Norwalk, Connecticut-based Booking’s latest results offer clues as to whether travel growth might return to where it was before the pandemic. During the company’s last earnings call, Steenbergen blamed its disappointing summer outlook on a “mild moderation” in the European travel market, to which the firm has more exposure than its US peers. 

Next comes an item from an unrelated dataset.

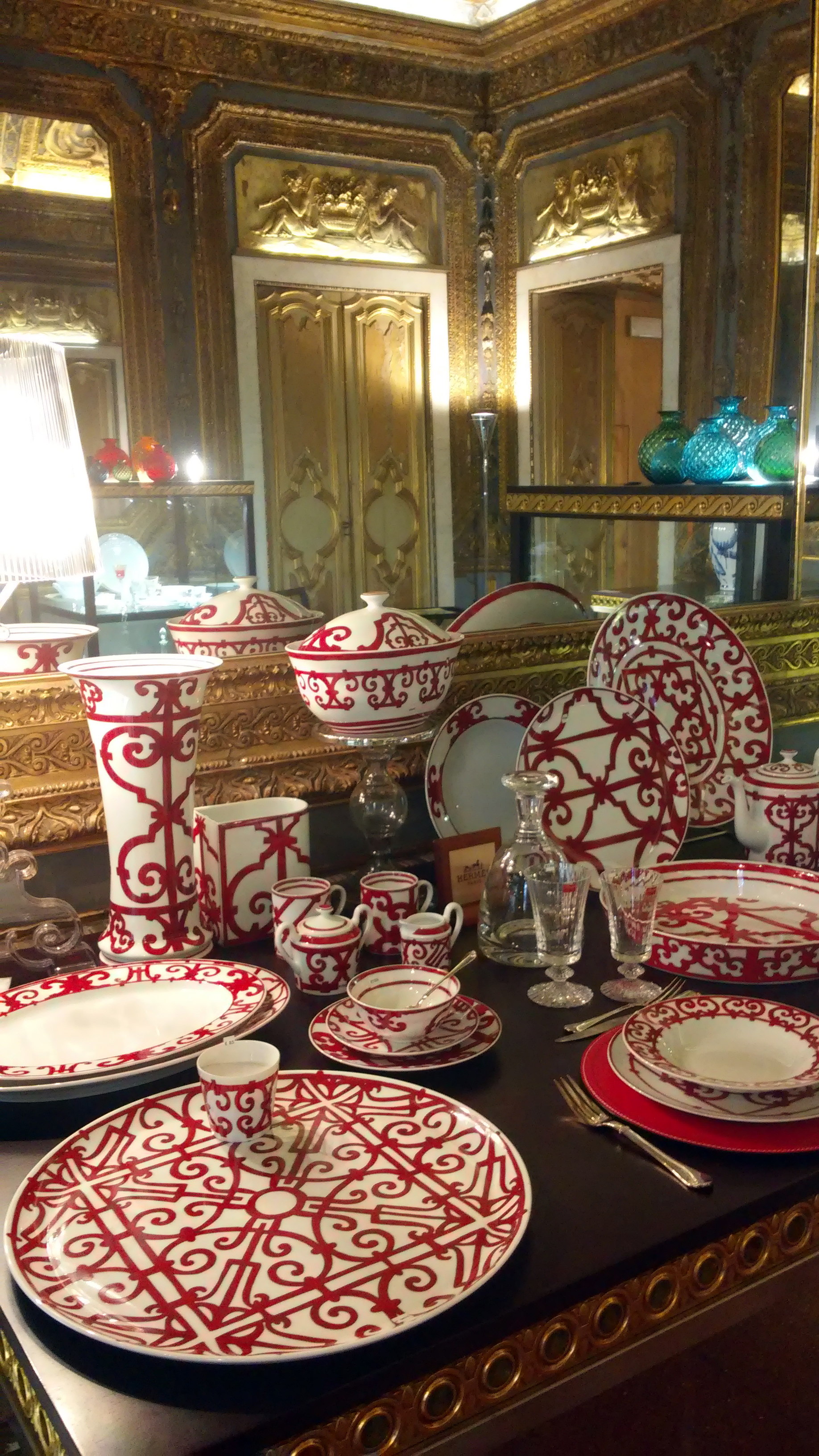 Hermes, Balcons de Guadalquivir, disegno originale dei balconi in ferro battuto che si affacciano sul fiume. Colore rosso arroventato e fiammeggiante

But for the third quarter, Booking’s increase in room nights booked was “driven primarily by stronger performance in Europe,” said Chief Executive Officer Glenn Fogel. Its business in Asia also performed well with double-digit growth, he added on Wednesday’s call, saying the company remains optimistic in its outlook for the region.

Booking continues to see healthy levels of growth for room nights booked for the fourth quarter as travel demand remains resilient, Fogel also said on the call.